Fuel Economy

Photo © bikelovejones

This photo of bikelovejones’ Xtracycle just about says it all.

[via bikelovejones]

8 Responses to “Fuel Economy”

  • Geoff says:

    If that’s a bumper sticker, where can we get ‘em ??

  • Tom says:

    Stickers and patches, but no goats, here: http://www.zeropergallon.com/

  • Geoff says:

    What a terrific idea, I thought, until I got to the guy’s website and the ordering page. Maybe being 65 and a bit conservative is why I’m kind of shocked and offended by profanity. This guy’s glibness is silly, immature, and unprofessional for a ‘businessman’, so I think I’ll pass, thanks…

  • Alan says:

    @Geoff

    I just chalked it up to a bit of irreverent “urban bike culture”; didn’t really offend me. I bought five…

    Alan

  • arcadiagt5 says:

    @Geoff

    Not that old but have to agree with you. Cool idea but I can do without the attitude that comes with it

  • jason says:

    I actually find the product fairly offensize, or at least obnoxious, on the bike. in my bike room, yes, it would be cool over the stand, where I and a few friends or visitors who know more about me could see it.
    I equate it to loud pipes on harleys. just another way of screaming “look at me, up yours, my idiom is far better than your own”.
    as one of the only full time bicycle users in a hilly tourist town, I feel I should keep the tone a little more dignified, less fanatical tree huggerish. you catch a lot more flies with sugar than with vinager.

  • Tim Guthrie says:

    Cycling to work, or for errands should be down right conservative, using your own power, excercising freedom, and a display of strength and resolve.

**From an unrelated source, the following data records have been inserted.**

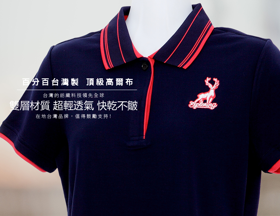 梅花鹿神-優雅俐落風-POLO衫-女-藏青色
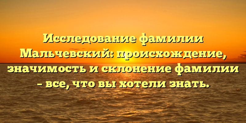 - Изучаем фамилию Мальчевский: история происхождения, значения и склонения — полный гид для любознательных
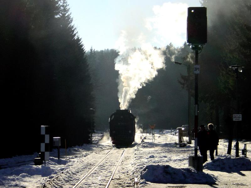 Ankunft im Bahnhof Drei-Annen-Hohne und Warten auf den Gegenzug, 23. Februar 2003
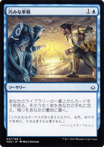 ![]() ![]() | HOU 047 巧みな軍略 ソーサリー 破滅の刻 C 色:青 マナコスト:(1)(青) あなたのライブラリーの一番上からカードを3枚見る。そのうち1枚をあなたの手札に加え、残りをあなたの墓地に置く。 「この次元はボーラスが作り変えたものだ。当然、奴の方が有利だ。十分注意する必要がある。」 ――ジェイス・ベレレン illust:MATT STEWART |
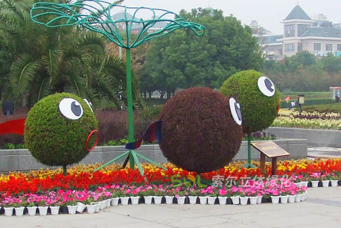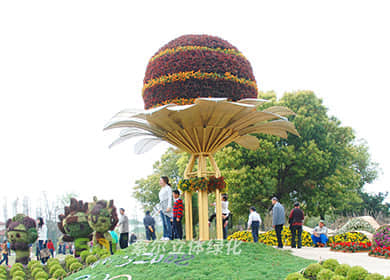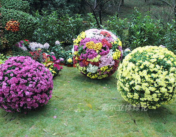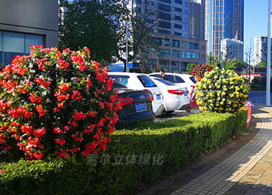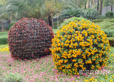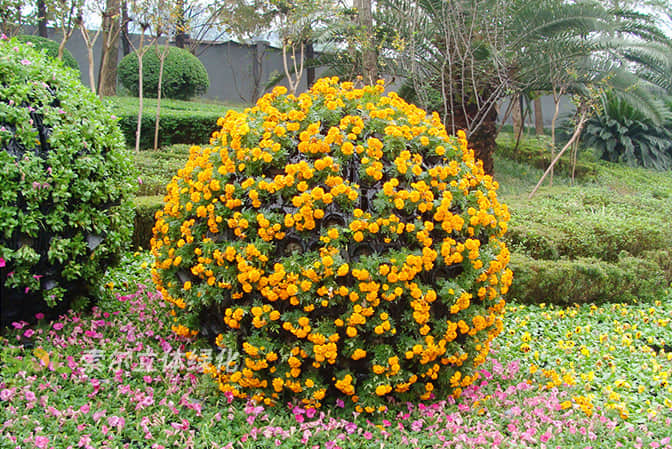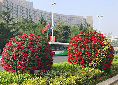 花球既能獨立成景,又可在綠雕中應用,方式多樣。節日、慶典、會議、活動等重要項目都可運用,用紅色系、橙色系、黃色系等花卉,烘托熱烈氣氛。
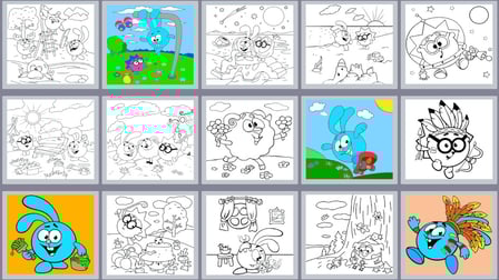 Libro para colorear Funny Smeshariki es adecuado para niños y adolescentes, ya que ofrece un ambiente familiar que fomenta la creatividad.
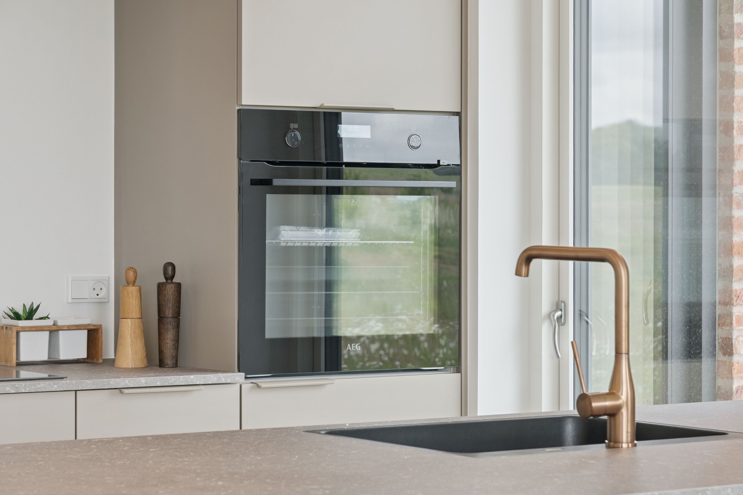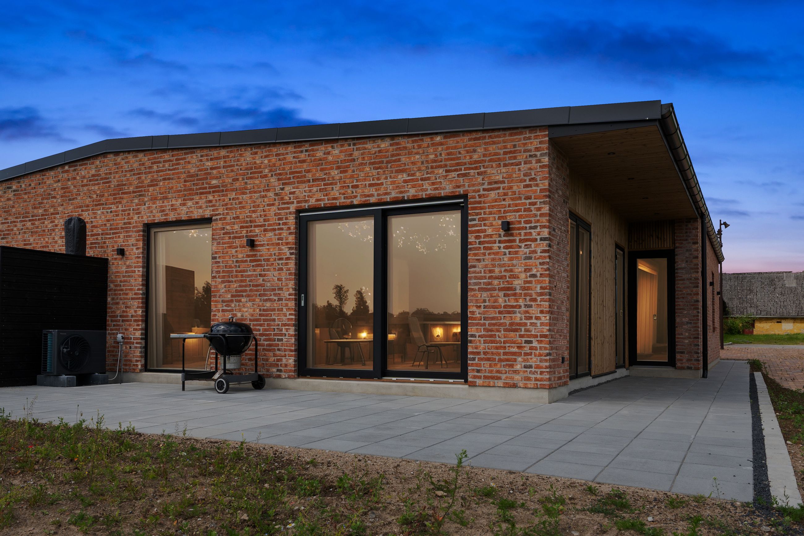 Huset præsenterer sig med et elegant udtryk, hvor mursten, sorte detaljer og træ mødes i en flot harmoni. I træder indenfor via entréen, hvor et velindrettet hjem på 107 kvm udfolder sig. Først skal I se opholdsmiljøet, hvor et smukt køkken med køkkenhalvø, kogeniche og masser af opbevaringsplads indbyder til madlavning. Den åbne forbindelse til alrummet og stuen giver et utrolig behageligt rumforløb, mens talrige vinduer og to havedøre lukker et gavmildt dagslys ind.
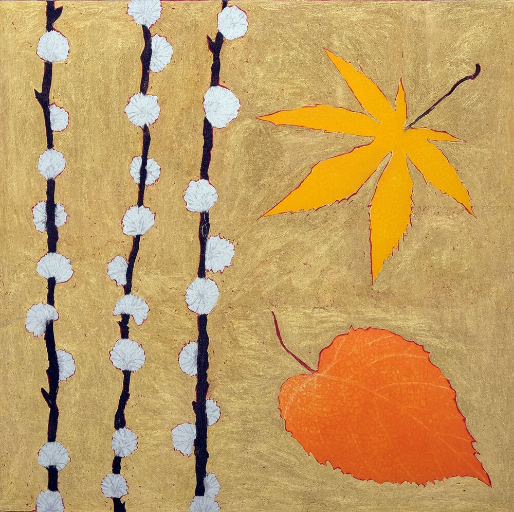 The carefully arranged willow catkins, the maple leaf and the autumn leaf from a cherry blossom tree were drawn using "a technique unchanged since medieval times".
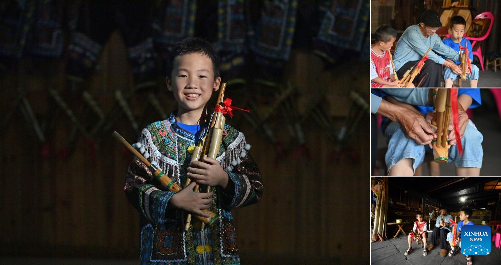 This combo photo shows primary school student Liang Wenxiong, 9, posing for a photo on July 5, 2023 (L) and Liang learning performing Lusheng, a traditional reed-pipe wind instrument, from his grandfather on July 6, 2023 (R) in Dangjiu Village, Gandong Township of Rongshui Miao Autonomous County, south China's Guangxi Zhuang Autonomous Region.?(Xinhua/Huang Xiaobang)

It is the ultimate in being self sufficient.

    Many will ignore the idea of cycling for transportation, not wanting to be associated with some of what they have seen from us. Cycling will not be mainstream until we are seen as mainistream. It is cultural. Biking in the south, and in rural areas the contrast is somewhat greater because most folks are more culturaly conservative. Most people don’t look for solutions from ‘other cultures’ most desire a certain degree of at least preceived normalcy, and many cycling advocates flaunt (as is their right) their ‘alternative cultures’ and cycling for transportation is damaged by being out of cultural norms.

    What they need to see is ‘normal’ people cycling for transportation. Cycling advocates need to promoate how ‘normal’ folks are finding benefits by pedaling instead of driving.

    None of the above was meant to be offensive, or a value judgement, just my observation as a conservative who has spent part of the last 20 years cycling in rural areas.

  • Alan says:

    Hi Tim,

    I agree with your observations.

    One other idea to consider.. Around here, a majority (not all) of the people cycling strictly for transportation do so either because they can’t afford a car or they lost their driver’s license due to multiple DUIs. Consequently, there seems to be a stigma associated with hauling stuff around on your bike, particularly if it’s a beater.